Table 4 showed the crude and adjusted logistical models evaluating the correlation between different NLR levels and the prevalence of LVDD. Compared with the low-level NLR group, the OR value for the medium-level group was 1.764(1.255-2.478, P<0.001) and 2.384(1.626-3.497, P<0.001) for the high-level group. Additionally, after adjustment for the course of diabetes and HbA1c (defined as model 2), the OR value was 1.764 (1.255-2.478, P<0.001) and 2.384 (1.626-3.497, P<0.001) respectively, and the P-value for the trend was also significant (P<0.001). After further adjustment for age, sex, and serum creatinine (defined as model 3), the OR value for the high-level group, as well as the P-value for the trend, did not achieve statistical significance(P>0.05).

Table 4

Table 4. Correlations between different NLR levels and prevalence of LVDD.

4 Discussion

Individuals with T2DM suffer metabolic irregularities, increased production of advanced glycation end products (AGEs), and inflammatory cytokines due to prolonged hyperglycemia. Together with comorbidities such as hypertension, obesity, and renal dysfunction, T2DM can result in varying degrees of damage to cardiac structure and function, hence promoting the development of diabetic cardiomyopathy and HF (5, 6, 15). LVDD, also called preclinical HF, serves as an early stage of the detrimental effects of diabetes mellitus on the heart and exhibits high prevalence among diabetic patients (16). In our study, the prevalence of LVDD among recruited hospitalized patients with T2DM was 47.8% (409/855), consistent with previous reports (17–21). Logistic regression analysis of patients’ clinical parameters revealed that the patient’s age, SBP, and SCr were independently associated with the prevalence of LVDD. In contrast to previous studies, this research did not find a positive correlation between FBG, HBA1c, and the prevalence of LVDD (20, 22, 23). A cross-sectional survey by Rishi T. Guria et al. found that the prevalence of LVDD among T2DM patients was 54%. The research indicated that the average HbA1c level was markedly elevated in the LVDD group relative to the non-LVDD group (11.07 ± 3.66% vs. 9.11 ± 2.95%, P = 0.004) (20). The results may be attributable to the baseline characteristics of our study participants, which predominantly comprised hospitalized T2DM patients with poor glycemic control. Data from outpatient or health screening populations could better elucidate the impact of differential glycemic control on LVDD prevalence. Moreover, the effects of hyperglycemia on the heart depend on elevated blood glucose levels and the duration of sustained hyperglycemia, which may play a more critical role. Consistent with findings from other researchers, our study suggests that diabetic patients with coexisting LVDD tend to have a longer disease course (24–26).

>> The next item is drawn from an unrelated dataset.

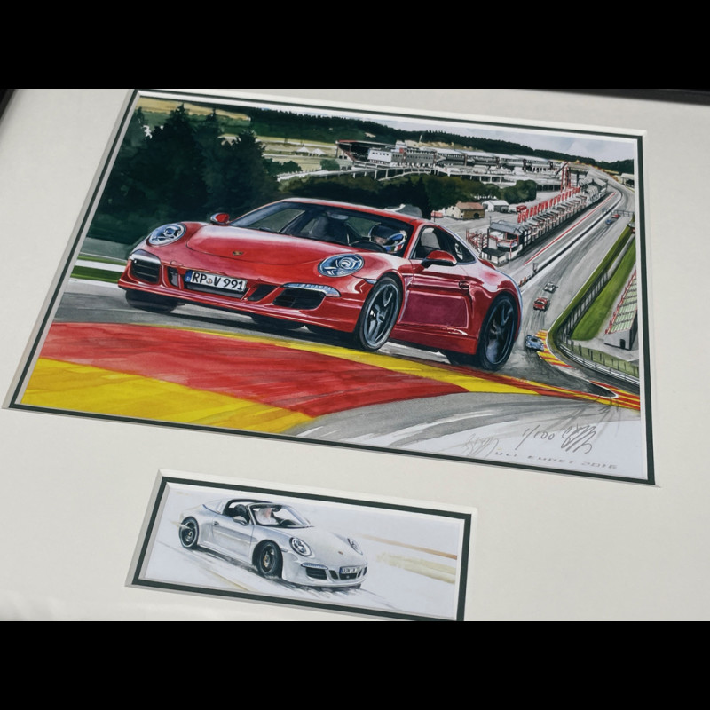 Porsche Rahmen 911 Coupe Typ 991 2019 Porsche Speed Cup Spa  Schwarzer Holzrahmen mit Skizze 25 x 30 cm - Uli Ehret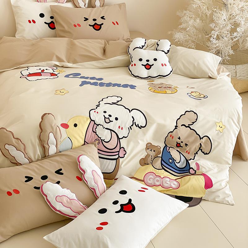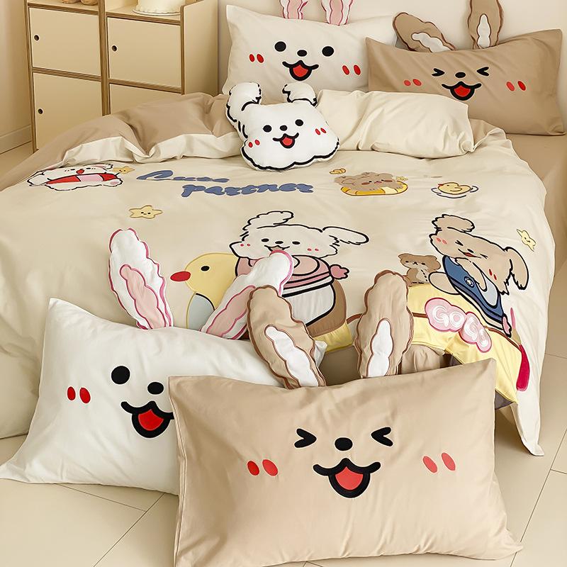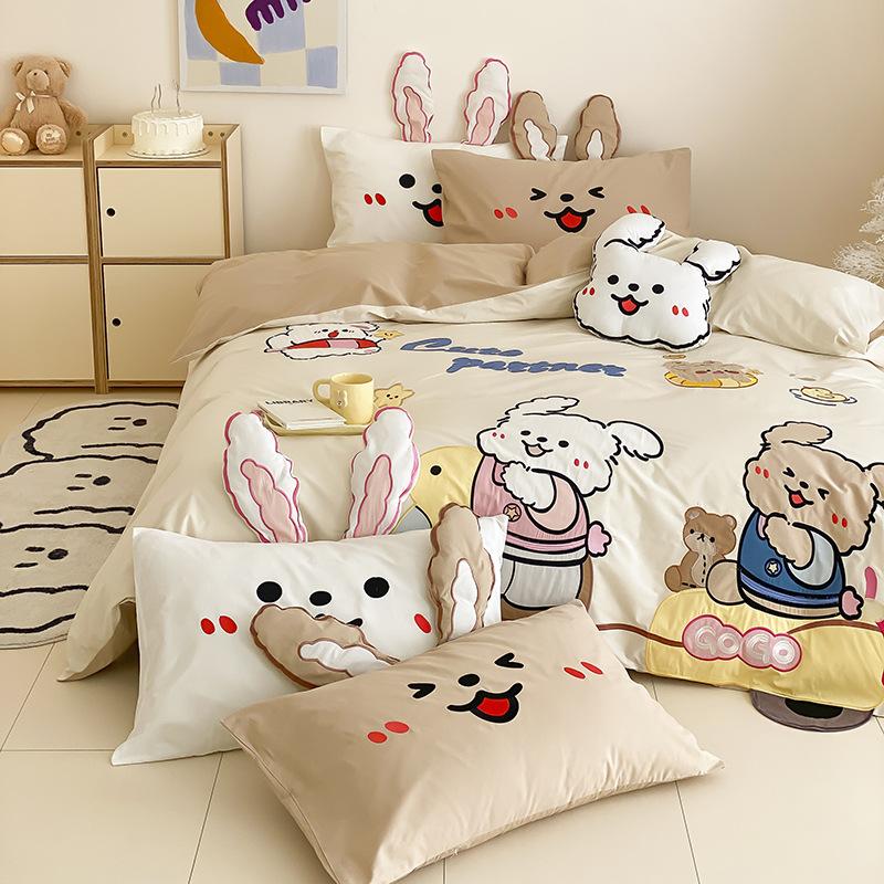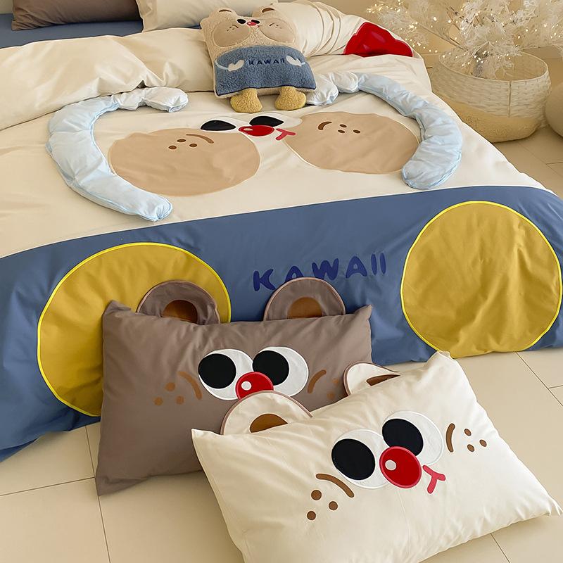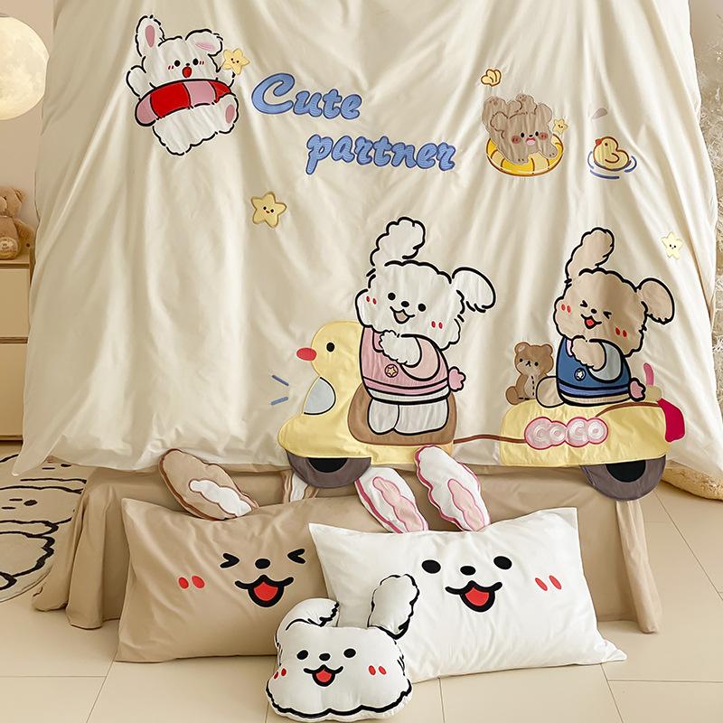 Serie de bordado tridimensional de algodón pesado súper linda, alegre y sanadora [envío de almohada del mismo estilo]

Inflammation plays a pivotal role in the onset and progression of heart failure. Research has shown that patients with LVDD exhibit significantly elevated levels of inflammatory markers, both systemically and in cardiac tissues, including TNFα, IL-6, and IL-1β, compared to individuals with normal cardiac function (27, 28). NLR, an inflammatory biomarker reflecting the body’s inflammatory state, has been associated with various cardiovascular diseases, such as coronary artery disease and heart failure (29). Additionally, increased NLR levels have been linked to diabetes and may serve as a marker of the low-grade chronic inflammation commonly observed in diabetes and its complications (30–33). Studies investigating the relationship between NLR and LVDD are scarce. In our study, the mean NLR was higher in patients with LVDD than those without LVDD. Furthermore, an increasing trend in LVDD prevalence was observed with higher NLR levels. However, after adjusting for confounding factors such as age, gender, eGFR, and BMI, this trend was no longer statistically significant (P for trend = 0.219). When stratifying patients into three NLR groups, significant differences in age and SCr were identified across the groups. This suggests that age and SCr may be confounding factors in the analysis. Nevertheless, this does not negate the potential utility of NLR as an inflammatory biomarker for identifying LVDD risk. Multiple factors, including glycemic control, renal function, and age, influence NLR, which should be considered when interpreting its clinical implications (7, 9, 34).

Our study highlights the critical concern of LVDD in individuals with T2DM, a group at elevated risk for heart failure. We present a reliable and generalizable dataset derived from data analysis from 855 patients. The study identified a significant finding: The prevalence of LVDD increased progressively with rising NLR levels, indicating the potential utility of NLR as a biomarker for identifying LVDD in patients with type 2 diabetes. Echocardiographic screening for LVDD is recommended for patients with elevated NLR levels, especially among the elderly with hypertension and declining renal function. For those diagnosed with LVDD via echocardiography, treatment strategies should prioritize antidiabetic medications with proven benefits in preventing or managing HF, particularly sodium-glucose cotransporter 2 inhibitors (SGLT2i) (35). Further research is needed to confirm whether SGLT2i have a therapeutic or preventive role in halting the progression of advanced HF in patients with diabetes and coexisting LVDD.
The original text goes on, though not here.